While meanwhile a considerable number of reports on cell detachment can be found, the role of the cell density finds sparsely particular attention.¹⁸ Therefore, we here focus additionally on this aspect in such in vitro experiments and compare experimental measurements with simulation results published earlier.¹⁹

2. Experimental

2.1 Surface acoustic wave driven flow system

The basic principle of the setup is illustrated in Fig. 1. A cylindrical chamber with a volume of about 160 μl, filled with cell culture medium, and a titanium sample with adhered cells as top cover is positioned on a SAW-chip. On a piezoelectric LiNbO₃ substrate a radio frequency (rf) signal (frequency ∼160 MHz, power P = 28 dBm) is applied to an interdigital transducer (IDT) with a periodicity of p = 25 μm resulting in a streaming towards the top cover as described earlier.¹⁶

Fig. 1 (A) Schematic illustration of the setup and sketched microfluidic streaming pattern generated by the interdigital transducer (golden comb like structure). (B) Micrograph of adhered cells on a titanium substrate. (C) Side view of the setup (D) shear map calculated from the sPIV measurement for a rf power of 28 dBm. (E) Superposition of the micrographs before and after 60 minutes of flow experiment. To visualize the difference in cell coverage of the substrate, the light blue area describes positions where cells detached, while red areas represent immobile cells. Area unoccupied by cells at the start of the experiment, but occupied at the end of the measurement, are colored orange.
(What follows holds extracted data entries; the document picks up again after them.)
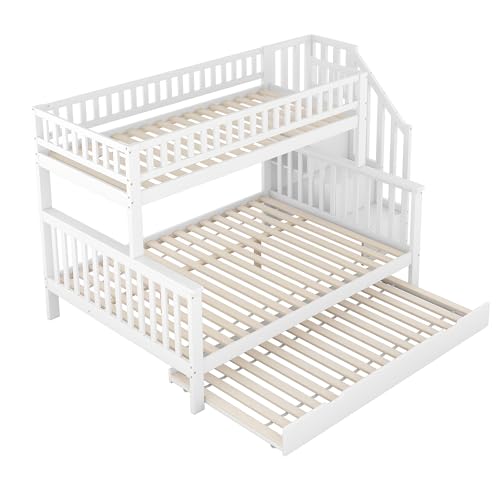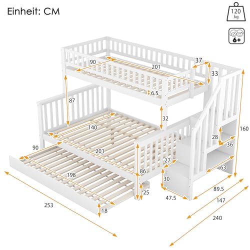 Lo mejor de las literas es que crean una solución de ahorro de espacio en su dormitorio mientras proporcionan un almacenamiento práctico. Tome por ejemplo este juego: este juego de madera de pino macizo con diseño de listones en la barandilla, cabecero y pie es una gran opción para el estilo tradicional de la habitación. Y con la escalera incluida con compartimentos de almacenamiento, es perfecta para guardar objetos pequeños. La cama plegable incluida hace de esta pieza una gran opción para fiestas de pijamas. Y con los juegos de somier incluidos, no se requiere somier. Descripción: Material de la cama: madera de pino+tablero Tamaño: 90 x 200/140 x 200. gemelo:blanco Número de paquetes:3 Requiere montaje: sí. Tamaño: Dimensiones del producto: 242 x 148 x 160 cm. Dimensiones del paquete: tenga en cuenta la especificación. Tamaño de la litera superior: 201 x 91 cm. Dimensiones de las literas inferiores: 201 x 140 cm. Dimensiones: 198 x 90 cm. Altura total: 160 cm. Capacidad de carga de la cama superior/inferior: 150 kg/200 kg. Recomendar el grosor del colchón para la litera superior: 10-15 cm. Recomendar el grosor del colchón de plumón litera: 15 – 20 cm. Recomendar el grosor del colchón extraíble: 15-20 cm.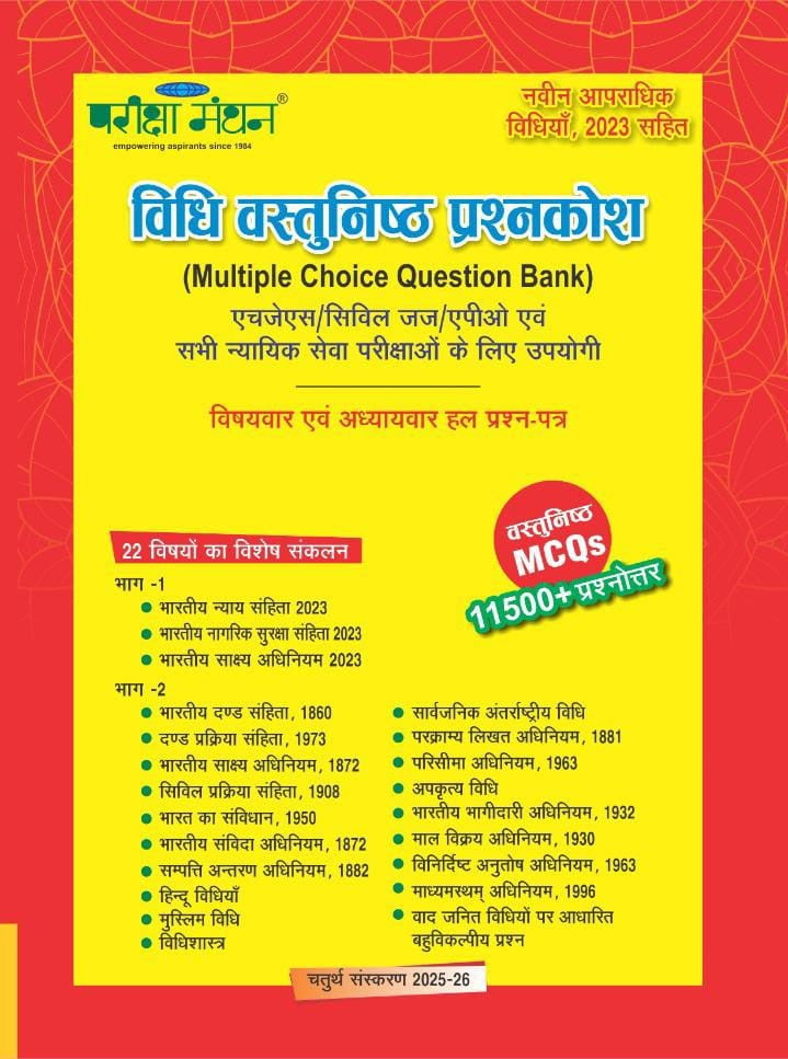Pariksha Manthan Vidhi Vastunishth Prashnkosh 2025-2026 is the 4th and latest edition in Hindi medium, specially curated for judicial service aspirants. This book provides 11500+ chapterwise objective law questions ideal for Civil Judge, HJS (Higher Judicial Services), APO (Assistant Prosecution Officer), and other judicial competitive exams.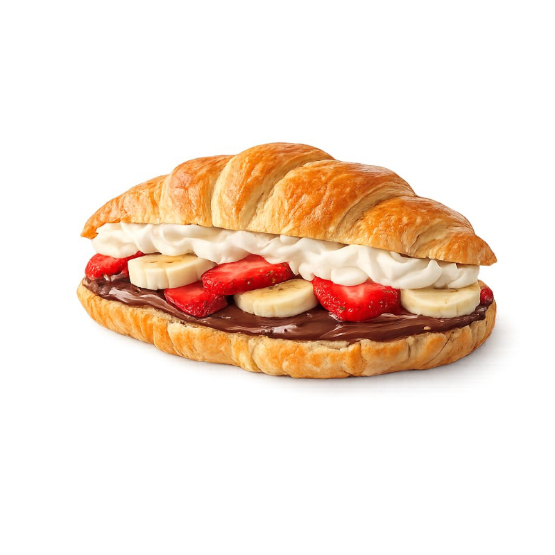 Nuestro cuernito artesanal de mantequilla, generosamente relleno de suave crema de avellanas, láminas de plátano fresco y fresas de temporada. Coronado con una montaña de crema batida para una experiencia dulce y reconfortante.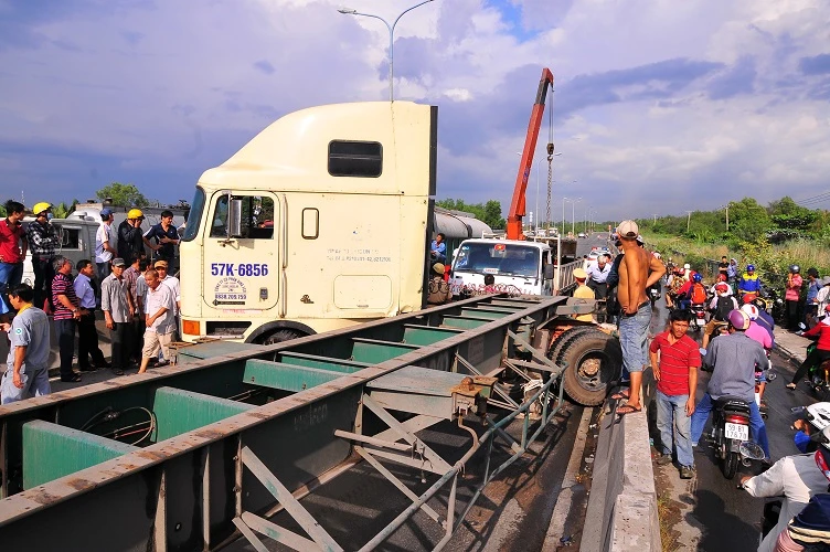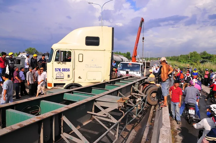 Khoảng 13 giờ 20 ngày 22 - 11, container có biển số 57K - 6856 di chuyển hướng từ quận 7 đi quận 2. Khi vừa đổ dốc cầu Phú Mỹ (đoạn giáp ranh giữa quận 7 - 2), chiếc xe bỗng mất lái đâm thẳng vào trụ điện ở dải phân cách làn đường rồi theo đà lao đến ủi tung cả dải phân cách rồi dừng lại.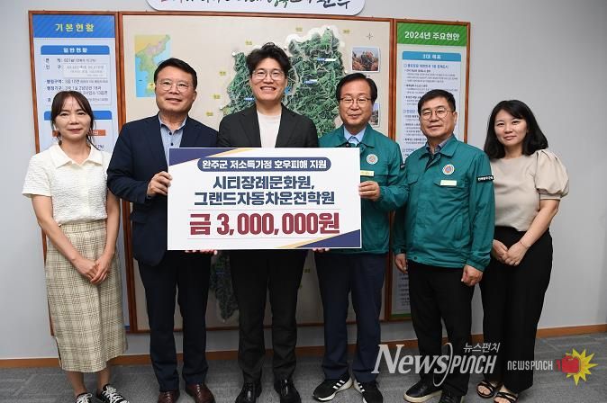 뉴스펀치 유동국 기자 | 시티장례문화원, 그랜드자동차 운전학원이 완주군 저소득층 및 호우피해가정을 위해 성금 300만 원을 전달했다.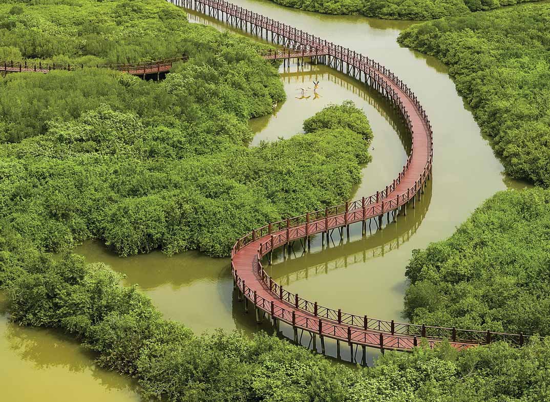 被譽(yù)為前海“綠芯”的桂灣公園,是前海第一個永久性、水廊道公園。項目共擁有100 多種、6000 多棵喬木,綠地率72% 以上?;谏鷳B(tài)優(yōu)先原則,項目布局紅樹林海水濕地約6 萬平方米,淡水濕地約2 萬平方米,打造“會呼吸...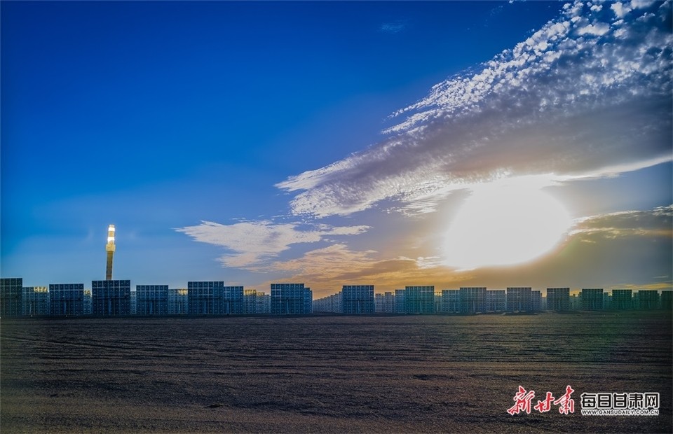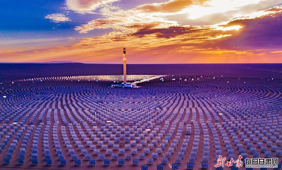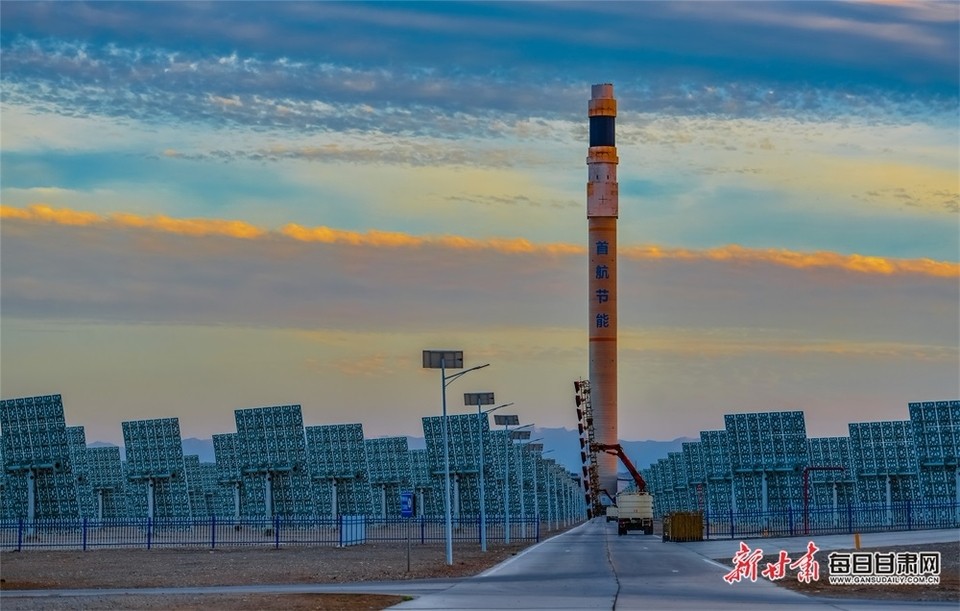 由敦煌首航節能光熱發電有限公司建設的敦煌10MW光熱電站項目、敦煌100MW光熱電站項目,目前兩個電站已經并網發電。電站內1.2萬余面定日鏡以同心圓狀圍繞著260米高的熔鹽塔,這些定日鏡在茫茫戈壁上夜以繼日“逐日”,讓“光”變成“電”,輸送至千家萬戶。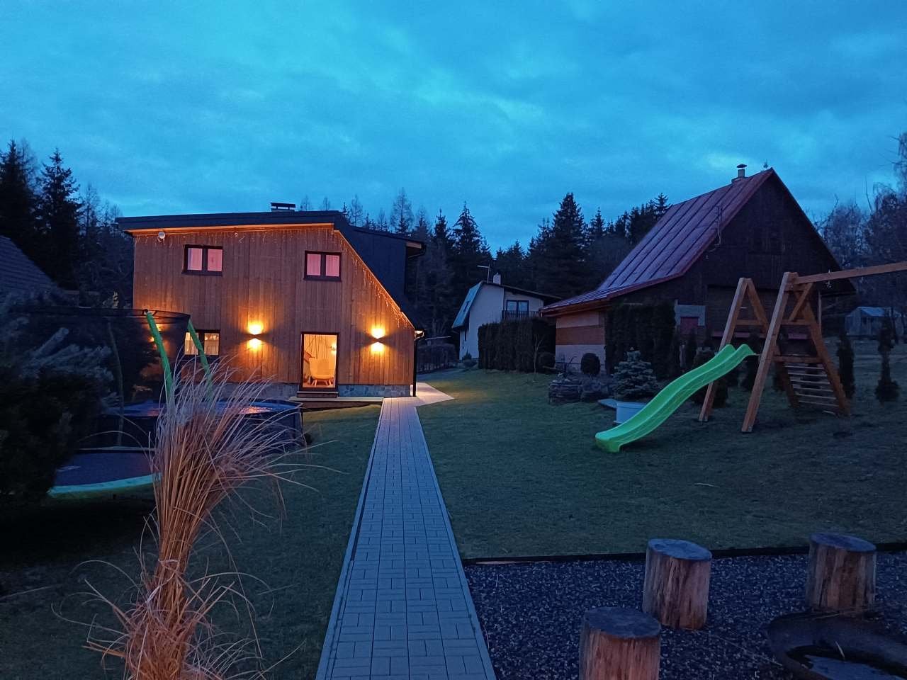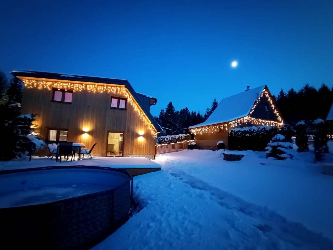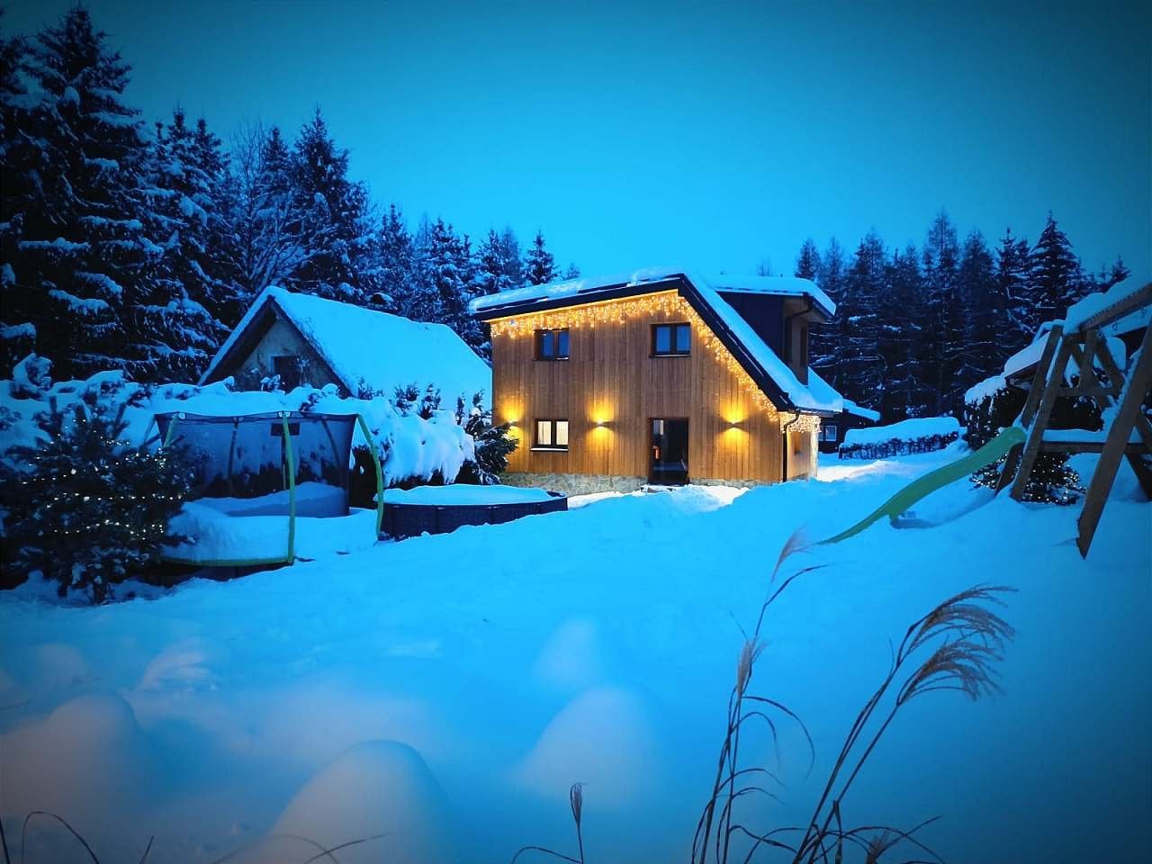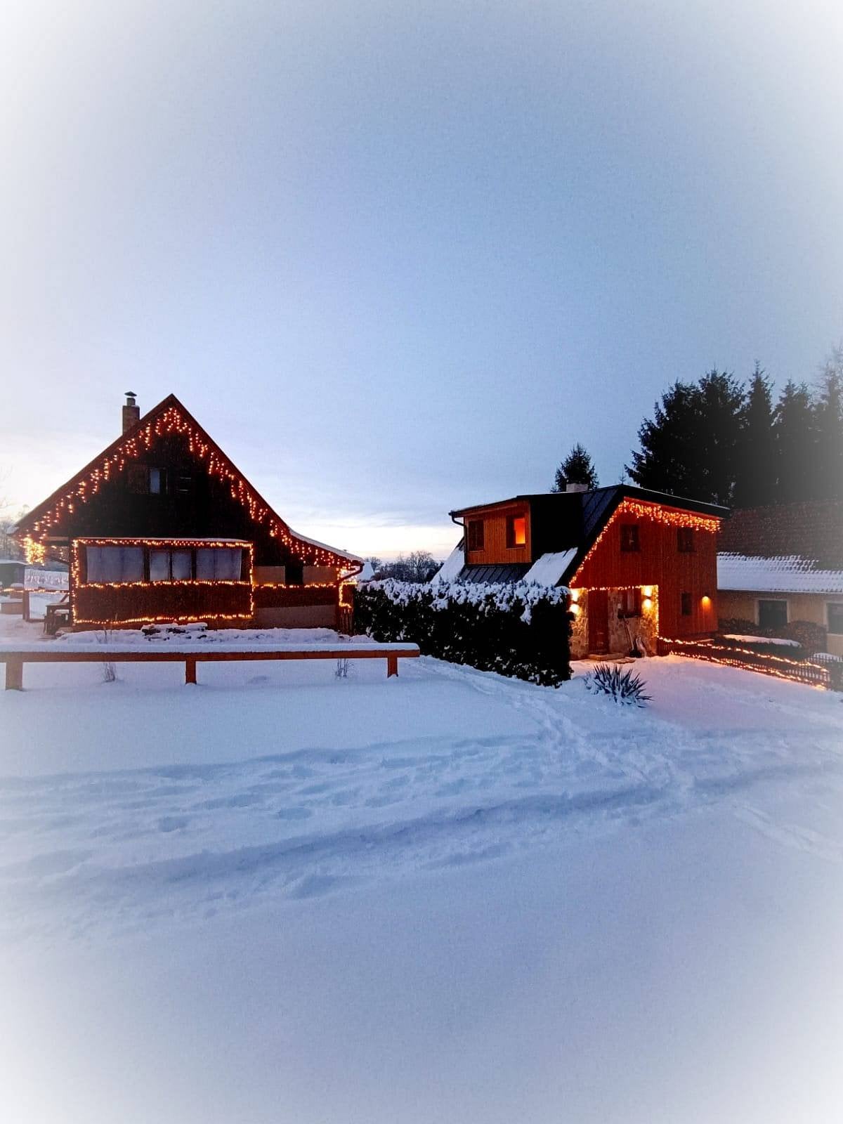 V této galerii najdete reálné fotografie interiéru i exteriéru, které vám přiblíží atmosféru místa, kde se spojuje wellness ubytování, klid lesa a naprosté soukromí.

The flow velocities as function of lateral and vertical position and the resulting distribution of the shear velocities were analyzed employing scanning particle image velocimetry (sPIV) based on Thielicke's time-resolved particle image velocimetry (PIV) software. Here, latex beads (Polysciences, Inc., Polybead® polystyrene, size 3 μm) were added to the fluid in the chamber, which follow the streamlines and are recorded using the high speed camera FASTCAM 1024PCI, Photron. The sPIV software enables to calculate the velocity distribution within particle image pairs, leading to the velocity field as function of the position above the SAW-chip. From measurements of velocity in several layers, the shear rate distribution in the plane as close as possible to the sample surface (∼20 μm) was extracted. The values range between ∼300 s⁻¹ and ∼8000 s⁻¹ and are interpolated from the large PIV grid of 39 × 23 pixels (72.5 × 109 μm pixel size) to obtain consistent resolution of the shear map and the micrographs of the adhered cells (2.59 μm pixel size, 923 × 1035 pixel, 2.39 × 2.68 mm), (Fig. 1D).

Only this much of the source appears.